McGurk met with Syrian Kurdish groups during a recent trip to rebel-held territory in Syria, the first high-level U.S. visit since the military campaign against the group began.

The Pentagon is hoping that enhanced support for those forces, along with a small-scale U.S. Special Operations initiative within Syria, will help reduce the Islamic State’s ability to hold on to Raqqa and sustain fighters in neighboring Iraq.

Doing so would be a needed success for the Pentagon, whose military campaign has suffered a series of setbacks over the past year, including the fall of the Iraqi city of Ramadi and the failure of a major effort to train Syrian opposition forces.

But the outlook for U.S. and allied efforts in Syria looks increasingly grim as Russian and Iranian support strengthens President Bashar al-Assad against his opponents.

Forces loyal to Assad are now in the midst of a major campaign to recapture the country's largest city, Aleppo, deepening an already dire humanitarian crisis and impeding beleaguered peace talks.

On Tuesday, senior U.S. intelligence officials said the entry of Russia's military into Syria last year had made it more likely that Assad would remain in power. While the U.S. military campaign is not directed against the Syrian leader, Western officials agree that Syria will remain dangerously unstable until he leaves office.

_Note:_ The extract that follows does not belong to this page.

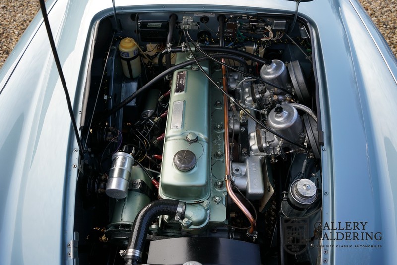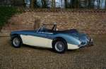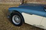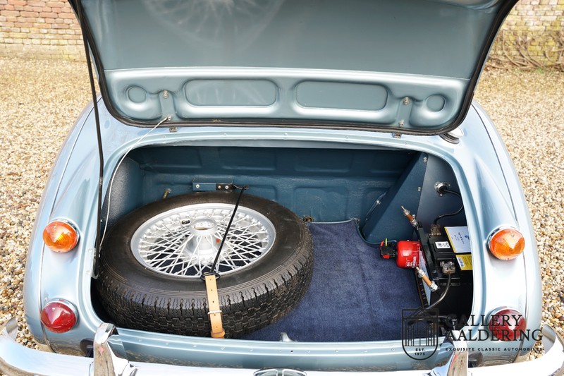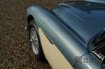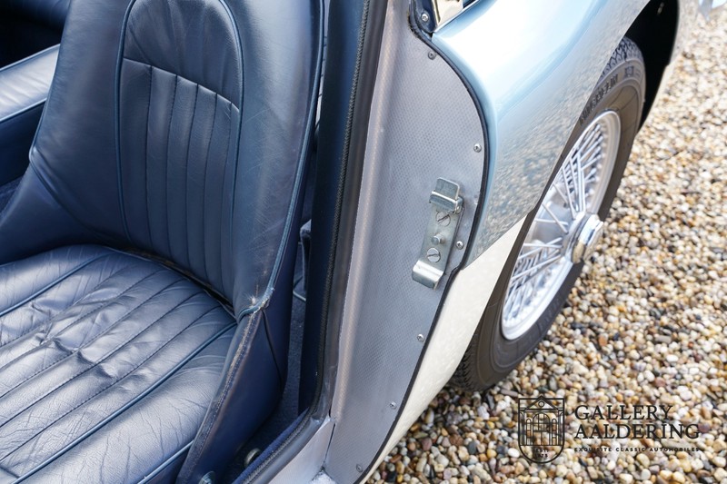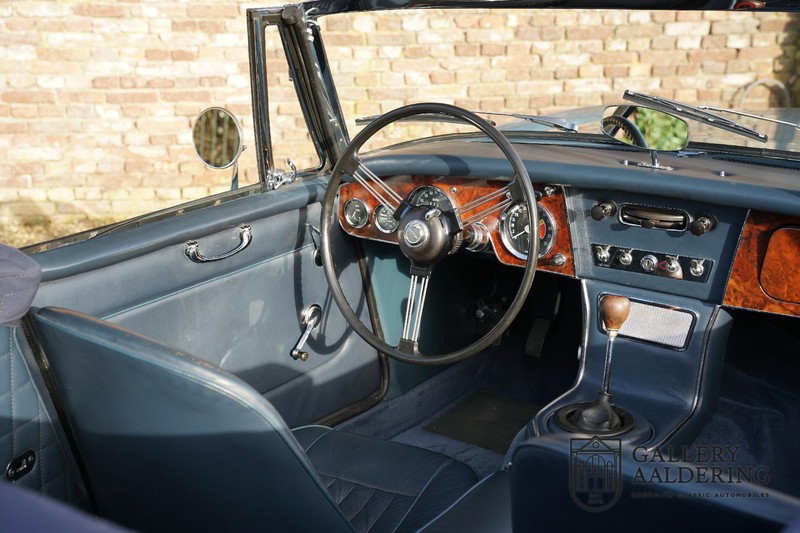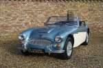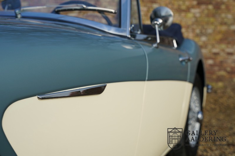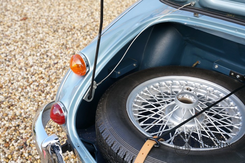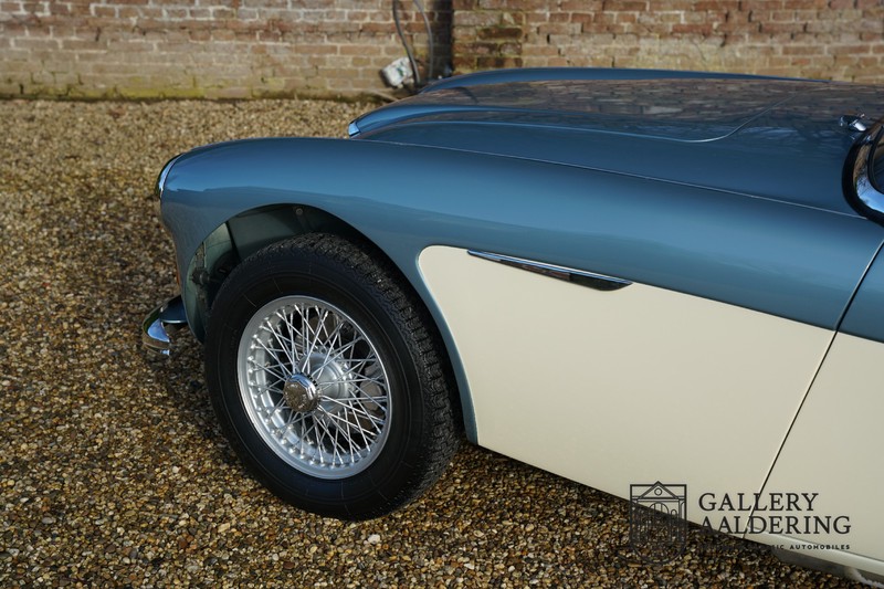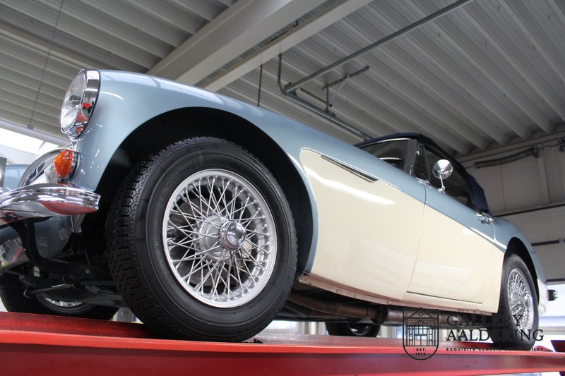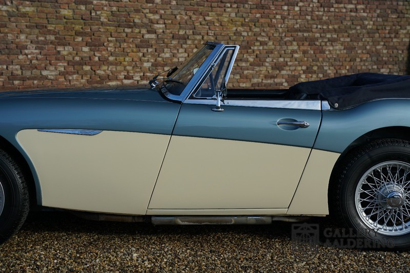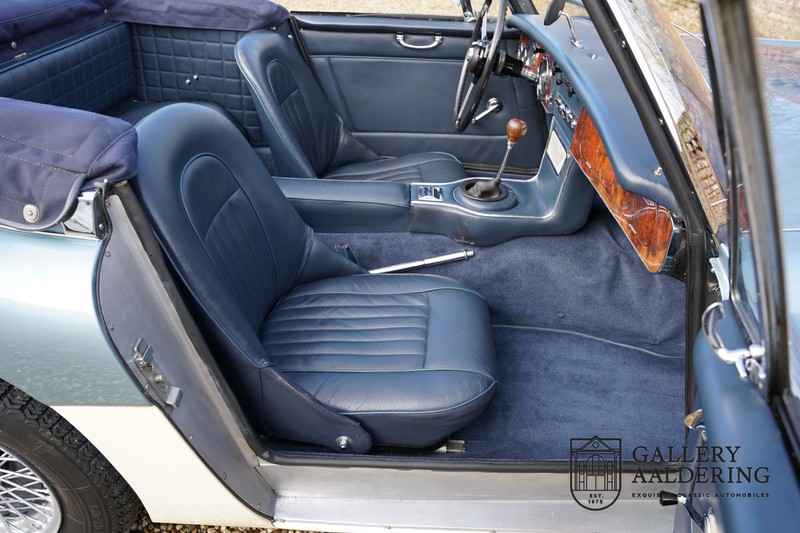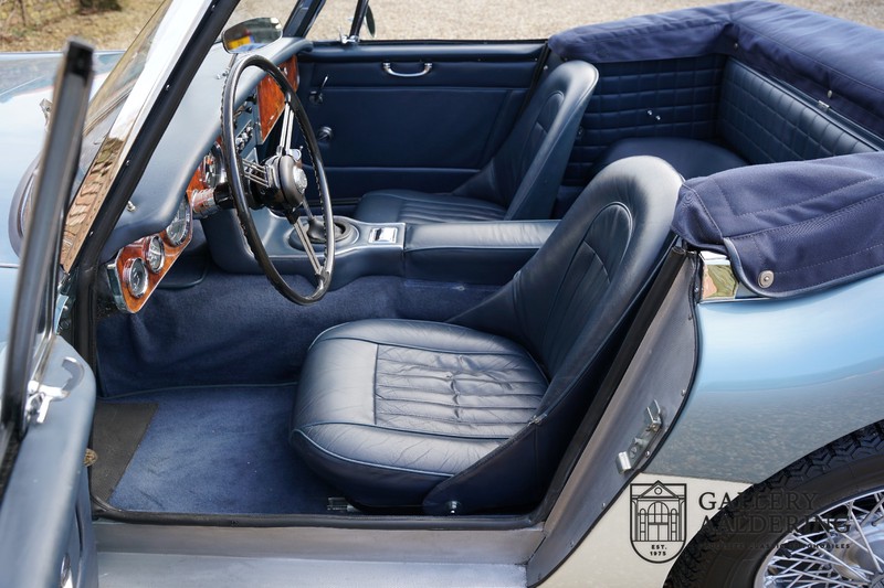 A few years ago this example underwent a full restoration. The high quality of this extremely well carried out work is still very much in evidence. Starting underneath we see a fine example of rust-free chassis. The bodywork is as straight as an arrow with thin and finely aligned panelwork. The lovely two-tone paint finish has been done to perfection. The bodywork and wire wheel chrome finish also looks splendid. The easy to use hood provides a tight fit when up.

The expectation of difficult campaigns in Iraq and Syria makes it unlikely that Obama will be able to claim success against the Islamic State before he leaves office next year.

In Iraq, local forces have recaptured the western city of Ramadi, but political squabbles and ongoing weaknesses in the country’s army have put prospects for a full recovery of occupied territory well into the future.

Lt. Gen. Vincent R. Stewart, head of the U.S. Defense Intelligence Agency, said this week that he did not expect Mosul to be retaken within the next year.

McGurk said it was too soon to provide a timeline for recapturing the northern city but said that Iraqi officials are laying the groundwork for an incremental offensive. “Mosul will not be a D-Day-like assault,” he said.

The praise for Turkey’s border security comes at a time of heightened tensions with Ankara, which summoned the U.S. ambassador in Turkey for a dressing-down this week because of U.S. support for Syrian Kurds, fighters Ankara sees as terrorists.

On Wednesday, President Recep Tayyip Erdogan lashed out at U.S. backing for Kurds in Syria, now an important pillar of the American strategy there. He said it had created a "sea of blood" on Turkey's doorstep.

Lawmakers in both parties called for an intensification of the Obama administration’s effort against the Islamic State. Foreign Affairs Committee Chairman Edward R. Royce (R-Calif.) called the overall U.S. response to Syria “downright shameful.”

Rep. Eliot L. Engel (D-N.Y.), the committee’s ranking Democrat, said, “Sometimes . . . it seems as if we’re only halfheartedly going after ISIS and halfheartedly helping the Free Syria Army and others on the ground.”

McGurk also described the Obama administration's effort to get a handle on the spread of the Islamic State in vulnerable countries from Africa to South Asia. Of the eight groups the Obama administration considers official Islamic State affiliates, McGurk said, the group's Libyan branch is the most worrying.

The United States conducted an airstrike in November against an Iraqi militant believed to be the top Islamic State leader in Libya. But it has held off on additional actions since then, partly out of concern that foreign intervention could upset a U.N. effort to broker a new unity government there.

McGurk said the Pentagon, the State Department and intelligence agencies are working on options to assist a future unity government once it is established.